Well, now I am far too distracted by
thoughts of my own bleak future to perform a substantial analysis of my past
development, so that’s no good. I
guess, then, that the only way to end this semester is the way I started it:
with an anecdote about my lovely, lovely hall mates.
Those of you with an eye for the
long-term may remember a certain third-degree back sunburn I contracted on my
Orientation Adventure. Although it was not cute, what with its purplish-green
hue and a propensity for flaking off in strips at the most inconvenient of
moments, the kids in my sponsor group accepted it as one of their own, giving
it the name of Geoff and bestowing upon it excruciatingly painful love pats
that I knew were well intentioned. It was truly a bonding experience.
I didn’t mention this earlier,
because I didn’t want people to run away from me, but
about five weeks ago I was diagnosed with the dreaded mononucleosis. It wasn’t
one of those horror story cases, but it was no walk in the
park, either. I was cranky and sweaty and tired as all get-out, and my spleen
was the size of a football. This is around the time I realized that they call
it “mono” because you end up friendless and alone.

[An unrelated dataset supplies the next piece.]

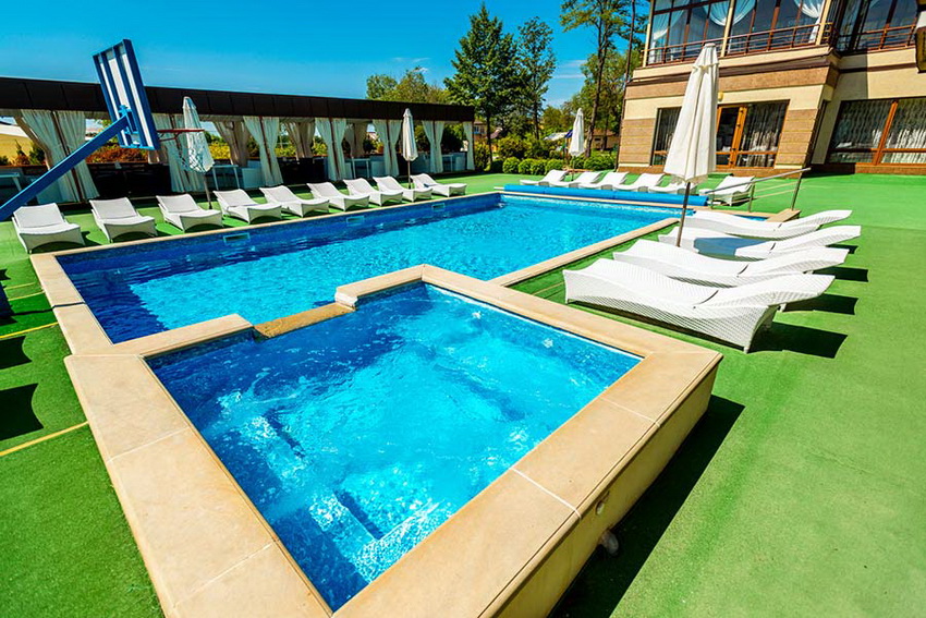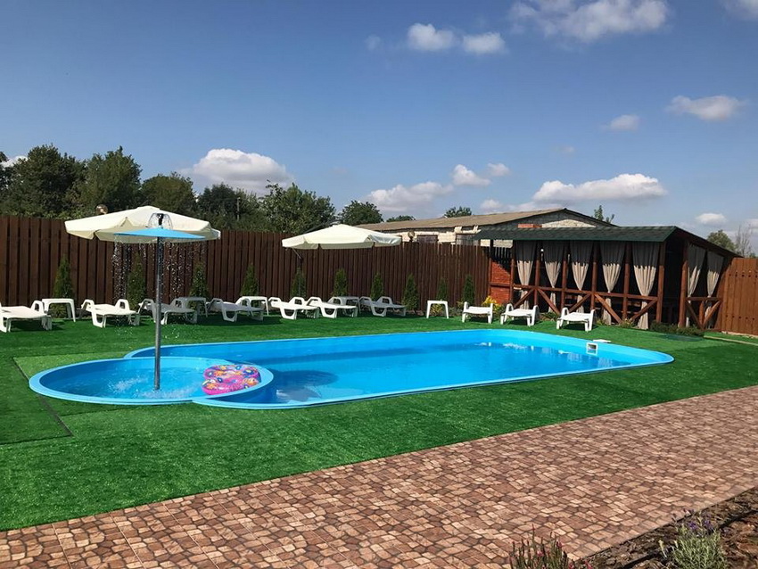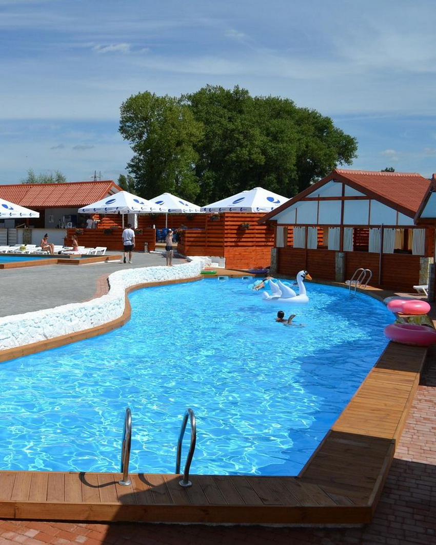 Відпочинок біля басейну. Одна година відвідування басейну коштує 70 гривень. Повний день (будній) – 250 гривень. Вихідний – 300 гривень. Для дітей до 3 років – безкоштовно.

But then one day there was a knock
at my door, and—lo and behold—standing on my threshold were a few of my
spiblings, bearing gifts of frankincense and myrrh and Pop-Tarts, so many Pop-Tarts, and Nilla Wafers and
Circus Animals—a big bag of Coop Store goodies to ease my pain. While my
first instinct was to give them a moderately generous tip and send them on
their merry way, I quickly recognized that this is only because I am a horrible
person, and I thought about it a little more and realized that the strange
burning sensation I felt in the pit of my stomach was not spleen juice fighting
to escape, but love. That’s right,
you know the one. It’s the kind of love you only get from living and showering
and cramming alongside of people who are going through the same serious
freshman year adjustment stuff that you are. It comes from watching movies with
them and wanting to kill them and helping them vomit. It comes from attending
their a cappella concerts and listening to them whine about problem sets you’ll
never understand and letting them cry all over your shirt and threatening to
move out or transfer to beauty school and collapsing on their beds at the
end of a long day. It’s about looking back and realizing that you guys didn’t
even know each other when your back
looked like something out of a snuff film and they sort of giggled and bore it
because they wanted to be friends just as desperately as you did, and that
you’re so much more than friends now, that—for all the dumb cliché value—you’re kind of family.
I know this hasn’t been everyone’s
experience this year, but the best part of this being the final issue of TSL is that nobody can issue a rebuttal,
and if there’s one thing I love more than my hall mates, it’s having the last
word. At any rate, I guess what I’m trying to say is that freshman year has
been really, really hard at times, but I’ve learned a lot—in class and out—and I wouldn’t trade any of the crazy people I learned with and from for
anything. At the end of the day, I think it all comes down to people. And this
is coming from a legally registered misanthrope, so you know it must be true.
This article is way too long, but I’m having a hard time letting go. When I send
this in, the reality of the situation will hit me and I’ll probably start
crying or something really gross. But nothing gold can stay, and I’ve got miles
to go before I get to Spanish class, so I’ll take my leave quickly and quietly.
Thanks for reading. I’ll see you next year.